# DATA

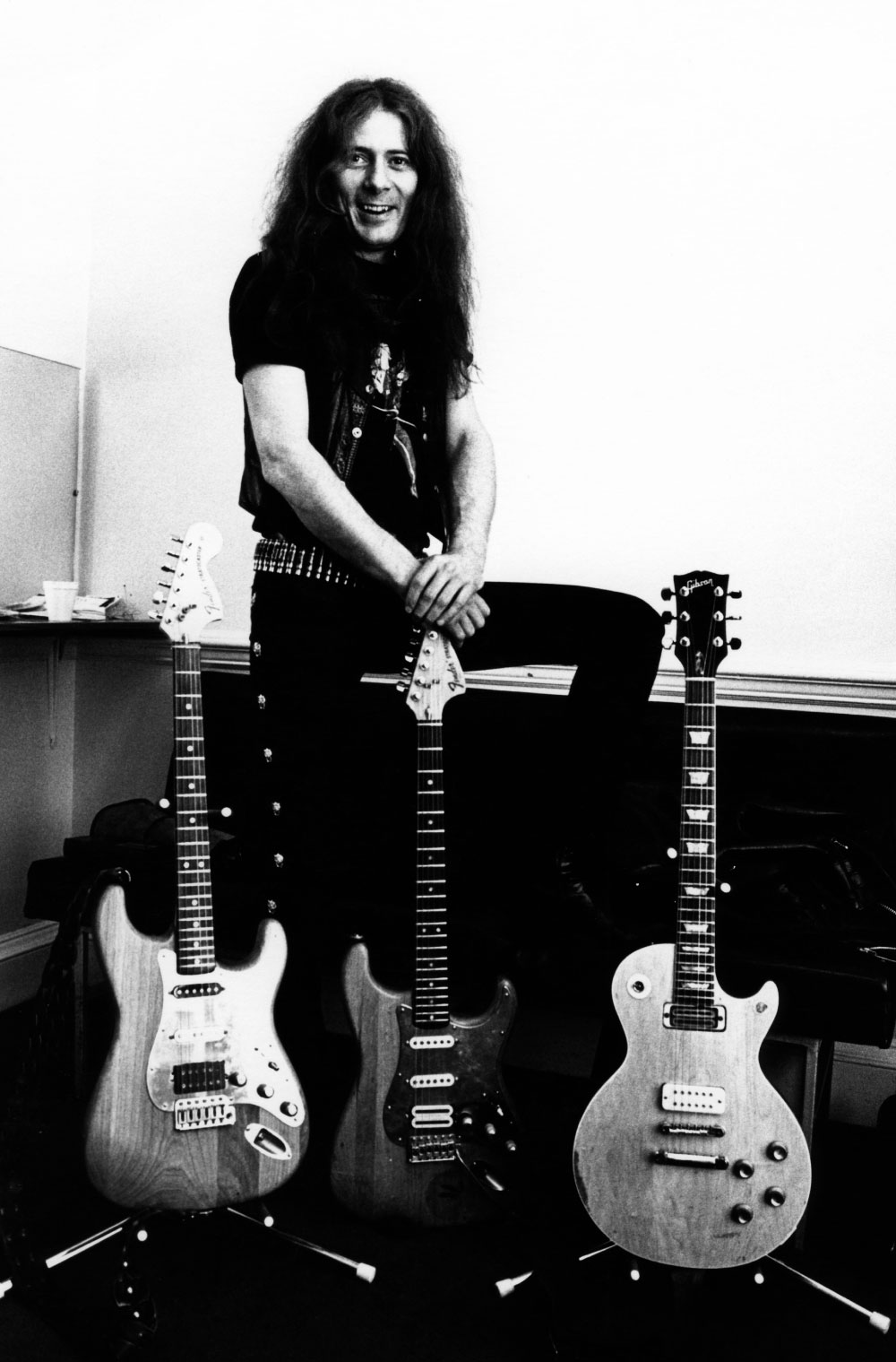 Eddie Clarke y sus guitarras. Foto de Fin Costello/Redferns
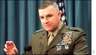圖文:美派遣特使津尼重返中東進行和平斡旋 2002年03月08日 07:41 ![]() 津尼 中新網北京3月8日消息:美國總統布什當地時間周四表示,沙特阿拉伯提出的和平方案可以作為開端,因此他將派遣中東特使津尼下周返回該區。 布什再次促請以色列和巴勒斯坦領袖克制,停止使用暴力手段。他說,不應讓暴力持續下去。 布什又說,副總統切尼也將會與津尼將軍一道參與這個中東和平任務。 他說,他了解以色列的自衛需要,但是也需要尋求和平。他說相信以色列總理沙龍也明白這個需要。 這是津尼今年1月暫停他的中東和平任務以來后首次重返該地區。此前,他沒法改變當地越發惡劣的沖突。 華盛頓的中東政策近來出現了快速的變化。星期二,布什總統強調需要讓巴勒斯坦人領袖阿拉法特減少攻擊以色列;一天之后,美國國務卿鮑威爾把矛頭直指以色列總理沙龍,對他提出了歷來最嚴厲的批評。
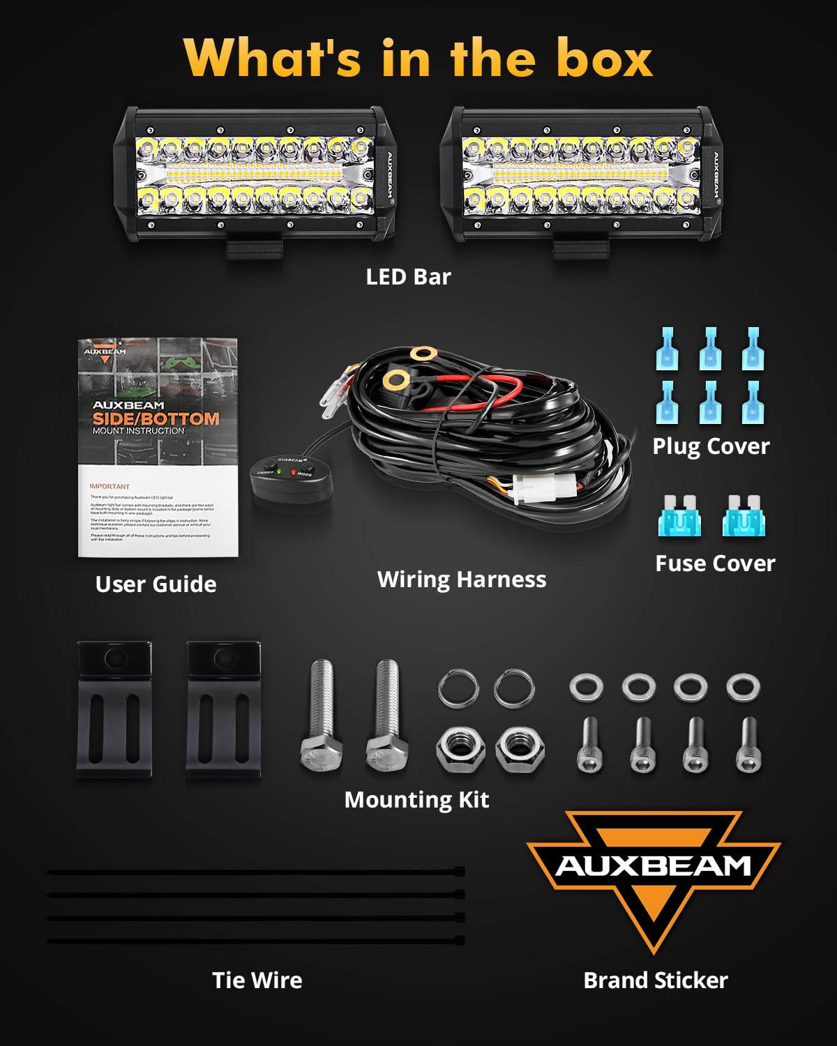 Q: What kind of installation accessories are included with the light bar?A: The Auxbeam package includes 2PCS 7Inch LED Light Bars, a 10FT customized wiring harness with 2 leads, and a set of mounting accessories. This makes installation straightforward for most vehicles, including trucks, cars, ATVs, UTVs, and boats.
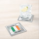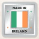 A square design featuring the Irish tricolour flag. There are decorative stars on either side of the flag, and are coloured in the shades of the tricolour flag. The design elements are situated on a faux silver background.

# WORK TASK
When copying the listing above, begin at its first line and stop after the line with "圖文:美派遣特使津尼重返中東進行和平斡旋 2002年03月08日 07:41", keeping each line exact and dropping the pictures.

# OUTPUT OF THE EXERCISE
 Eddie Clarke y sus guitarras. Foto de Fin Costello/Redferns
圖文:美派遣特使津尼重返中東進行和平斡旋 2002年03月08日 07:41 ![]() 津尼 中新網北京3月8日消息:美國總統布什當地時間周四表示,沙特阿拉伯提出的和平方案可以作為開端,因此他將派遣中東特使津尼下周返回該區。 布什再次促請以色列和巴勒斯坦領袖克制,停止使用暴力手段。他說,不應讓暴力持續下去。 布什又說,副總統切尼也將會與津尼將軍一道參與這個中東和平任務。 他說,他了解以色列的自衛需要,但是也需要尋求和平。他說相信以色列總理沙龍也明白這個需要。 這是津尼今年1月暫停他的中東和平任務以來后首次重返該地區。此前,他沒法改變當地越發惡劣的沖突。 華盛頓的中東政策近來出現了快速的變化。星期二,布什總統強調需要讓巴勒斯坦人領袖阿拉法特減少攻擊以色列;一天之后,美國國務卿鮑威爾把矛頭直指以色列總理沙龍,對他提出了歷來最嚴厲的批評。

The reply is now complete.